Task - Pictures do not belong in the copy. Output exactly the lines from the one containing "To use the Ringg" to the end of the listing below.

━━━━━ Available data

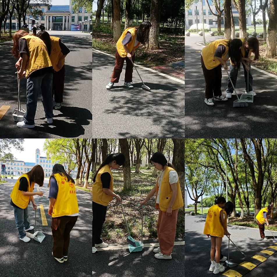 活动开始后,志愿者们分为多个两人小组,一人手持扫把,一人拿簸箕。他们分工明确,一些人负责清理草坪里面的废纸屑,一些人负责清理地面上的垃圾与落叶。经过志愿者们的悉心打扫,包干区变得焕然一新。
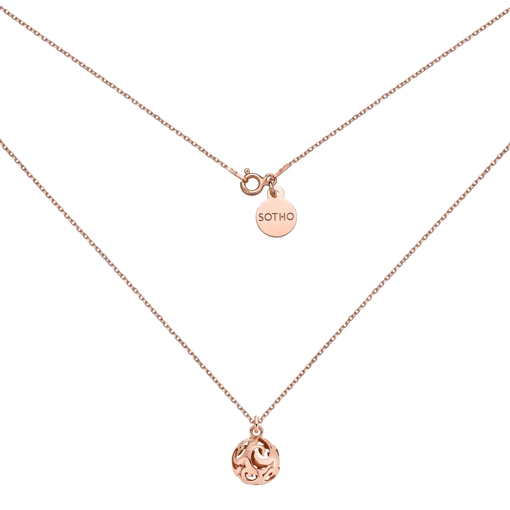 Złoty naszyjnik z kulą i zawieszką z logo marki. Całość wykonana ze srebra 925 powlekanego 24 karatowym różowym złotem. Długość naszyjnika do wyboru 38, 40, 45, 50, 60 lub 70 cm Grubość łańcuszka 1 mm Kula 10 mm Zawieszka z logo 10 mm Produkt o wadze poniżej 5 g. Zapakowany w eleganckie pudełeczko z logo marki. Posiada logowaną metkę. Istnieje możliwość zamówienia naszyjnika innej długości, z innym modelem zawieszki, z kilkoma zawieszkami, na innym modelu łańcuszka, w wersji ze srebra 925 lub srebra 925 powlekanego 24 karatowym żółtym złotem, z dodatkowymi kamieniami, perłami lub kryształami SWAROVSKI® CRYSTAL itp.
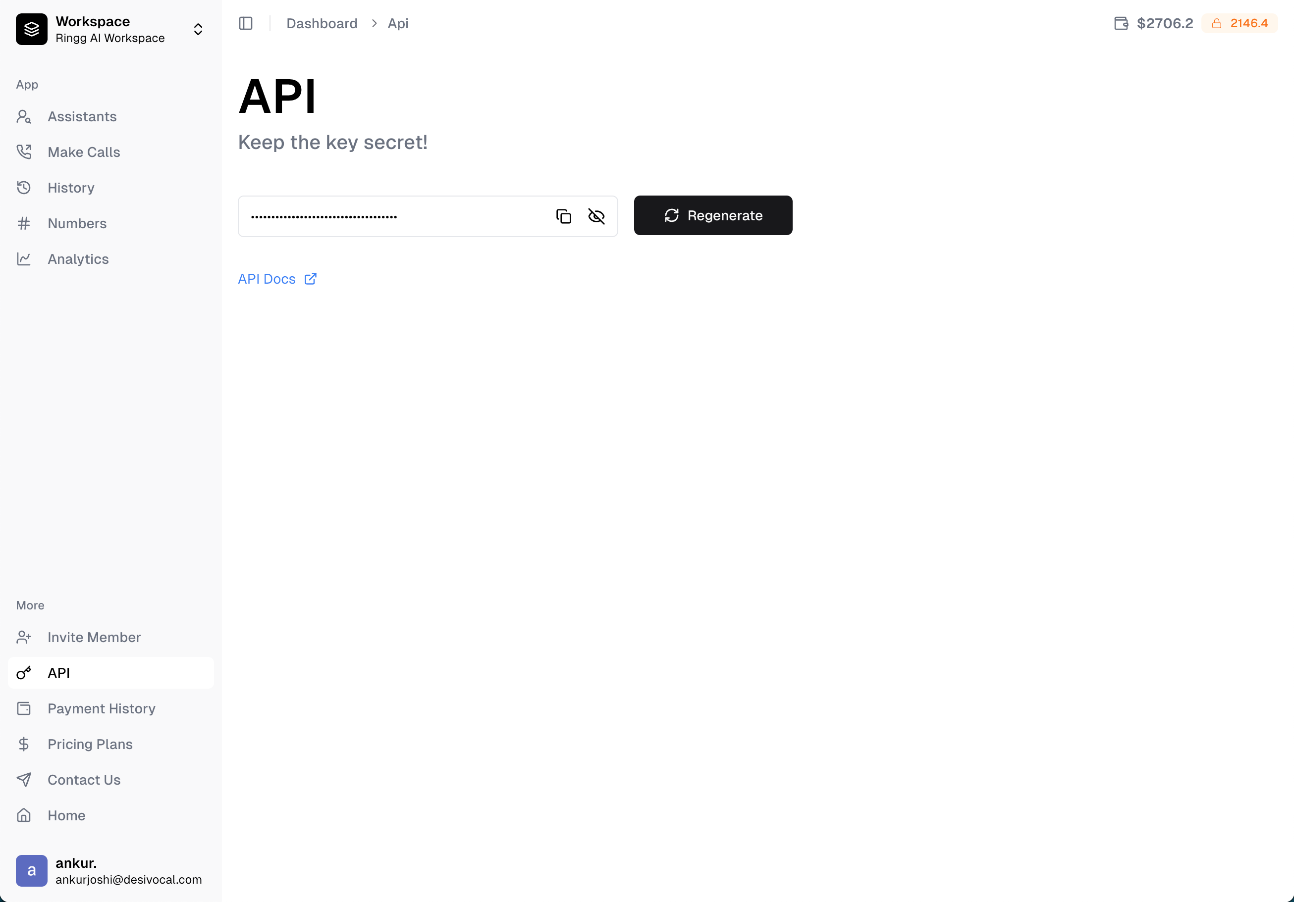 To use the Ringg AI API, you’ll need an API key (X-API-KEY):
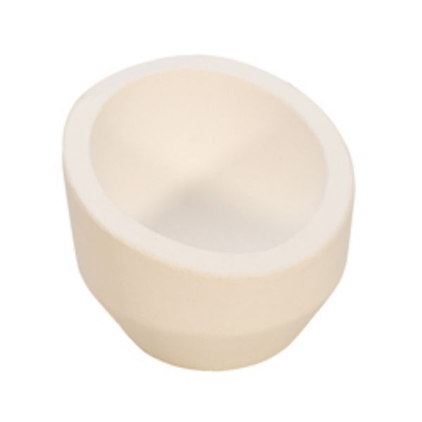 High back dish for melting and easy pouring of metals such as gold, silver, alloys, etc. Made of fused silica with clay bond. Use with a torch for melting points up to 2,500 degrees Fahrenheit. 77 by 63 millimeters

━━━━━━━━━━

Response area -
 To use the Ringg AI API, you’ll need an API key (X-API-KEY):
 High back dish for melting and easy pouring of metals such as gold, silver, alloys, etc. Made of fused silica with clay bond. Use with a torch for melting points up to 2,500 degrees Fahrenheit. 77 by 63 millimeters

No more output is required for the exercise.